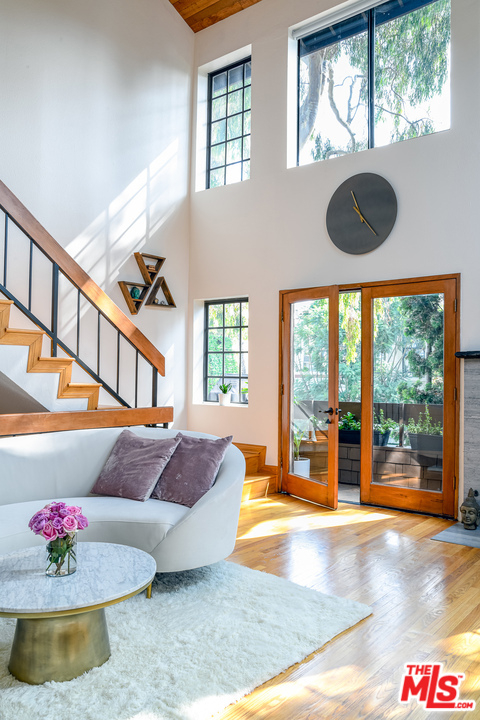 Spacious 3 bedroom, 3.5 bath townhouse in the heart of Mar Vista. This rare offering is highlighted by a stunning great room that features soaring 20 foot wood planked ceilings with southern exposure that bathes the unit in natural light through expansive windows and French doors. The massive kitchen was recently upgraded with new countertops, a new backsplash, and stainless steel appliances, all while opening to the dining and living spaces to create the perfect entertaining flow. Upstairs you will find the lofted primary bedroom that enjoys treetop views through walls of glass and is complete with a large walk-in closet, spacious ensuite bathroom, and a bonus space that is a perfect remote office. Downstairs you will find two ample bedrooms, each with their own ensuite bathrooms. Other features include a laundry room, highly coveted side by side garage parking, extra storage in the garage, a new water heater, custom electric blinds, two balconies, and a nest system among many others
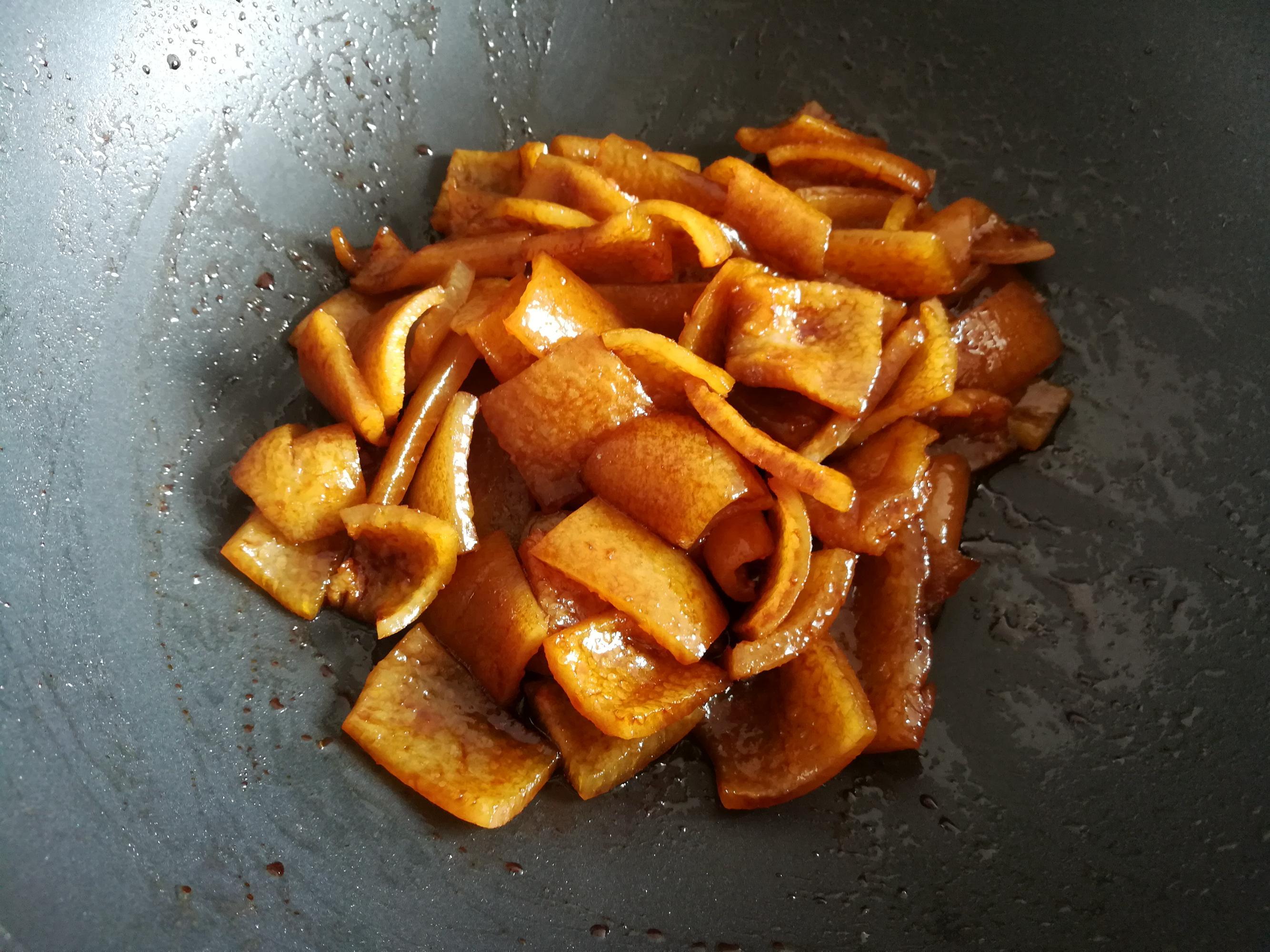 4,加入豬皮翻炒一下,加入紅燒醬油翻炒上色。
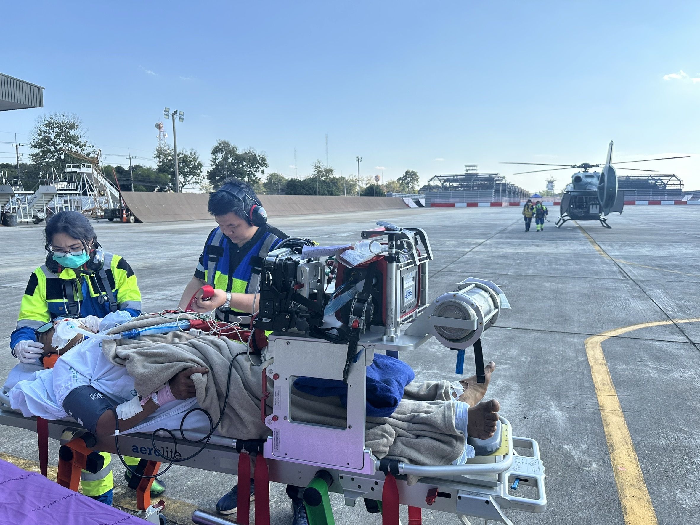 ใช้เวลาบิน ประมาณ 40 นาที (ถ้าลำเลียงทางรถยนต์จะใช้เวลาประมาณ 4 – 5 ชั่วโมง) ผู้ป่วยถึงมือแพทย์อย่างปลอดภัย.

(Directions for this task):
None of the pictures belong in the copy; repeat all other material exactly.

(Result of the task):
 Spacious 3 bedroom, 3.5 bath townhouse in the heart of Mar Vista. This rare offering is highlighted by a stunning great room that features soaring 20 foot wood planked ceilings with southern exposure that bathes the unit in natural light through expansive windows and French doors. The massive kitchen was recently upgraded with new countertops, a new backsplash, and stainless steel appliances, all while opening to the dining and living spaces to create the perfect entertaining flow. Upstairs you will find the lofted primary bedroom that enjoys treetop views through walls of glass and is complete with a large walk-in closet, spacious ensuite bathroom, and a bonus space that is a perfect remote office. Downstairs you will find two ample bedrooms, each with their own ensuite bathrooms. Other features include a laundry room, highly coveted side by side garage parking, extra storage in the garage, a new water heater, custom electric blinds, two balconies, and a nest system among many others
 4,加入豬皮翻炒一下,加入紅燒醬油翻炒上色。
 ใช้เวลาบิน ประมาณ 40 นาที (ถ้าลำเลียงทางรถยนต์จะใช้เวลาประมาณ 4 – 5 ชั่วโมง) ผู้ป่วยถึงมือแพทย์อย่างปลอดภัย.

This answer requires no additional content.